2 years into my informatics studies and after a lot of java and absolutely no scripting, I'm wondering if I should stay with perl at all.
Here in Switzerland perl jobs are rare. I mean perl jobs, not "further desired skills: perl / bash".
And telecommuting jobs are mostly not that interesting because I live in a quite expensive country.
Most jobs I've looked at so far are maintenance jobs for legacy systems.
Hmpf.

3 Comments

I can't speak to the local Perl jobs situation for you, but I would say you should study what you enjoy the most since you have a long career ahead of you and a lot of unhappiness if you commit yourself to the wrong thing.

IT is notoriously fickle; Java has been reasonably steady although in my mind not terribly exciting (just my opinion) but the things that get people jobs tend to revolve more around whatever the new thing of the day is. When I started working the new thing was just to build a website with a bit of database access behind it. Now people are talking a lot about cloud computing and computing devices like iPad, etc.

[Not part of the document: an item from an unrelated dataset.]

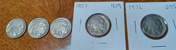 Five early Buffalo Nickels coin for sale From left to right in picture 1916 D, 1927 P, 1931 S, 1937 P, 1936 P All coins are in good condition for their age. $20 for all 5 coins EDH Coins

One thing with regards to how perl jobs are advertised, more than half the companies I worked for had CTOs that would claim Perl is either not used or being phased out, which typically was not true. I find that if you have a take charge attitude you can find spaces for Perl even if you have to spend part time working on other languages. And that's not a bad thing since learning other languages really helps round out your abilities. Although past few years I've worked primarily in Perl before that I probably spent at least 50% of my time doing Javascript, which nearly always can get you some sort of job ;)

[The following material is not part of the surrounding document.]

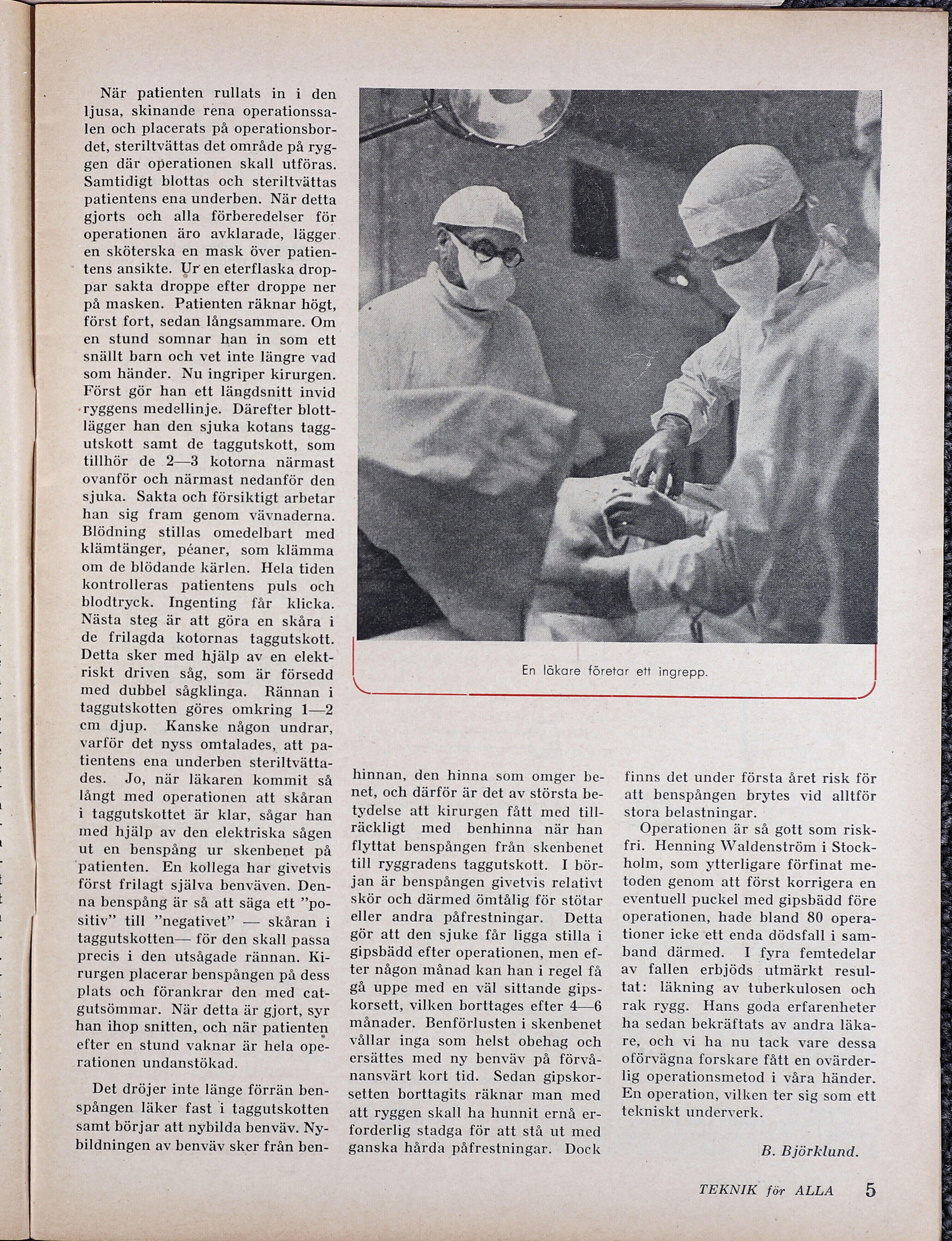 - Tekniken i medicinen: Puckelrygg opereras bort, av Bertil Björklund

Hope it works out for you.

Never bet all your chips on a single programming language, not even if it's Perl. If you really like software engineering, and you are at the beginning of your career where you have more time over to be flexible, you might want to explore a number of different programming languages. That way you'll acquire useful insights into other technologies and exercise your mind at the same time. You might even like to dwell some into the less known more academic languages like Lua. I agree with John that the fun factor is not to be underestimated.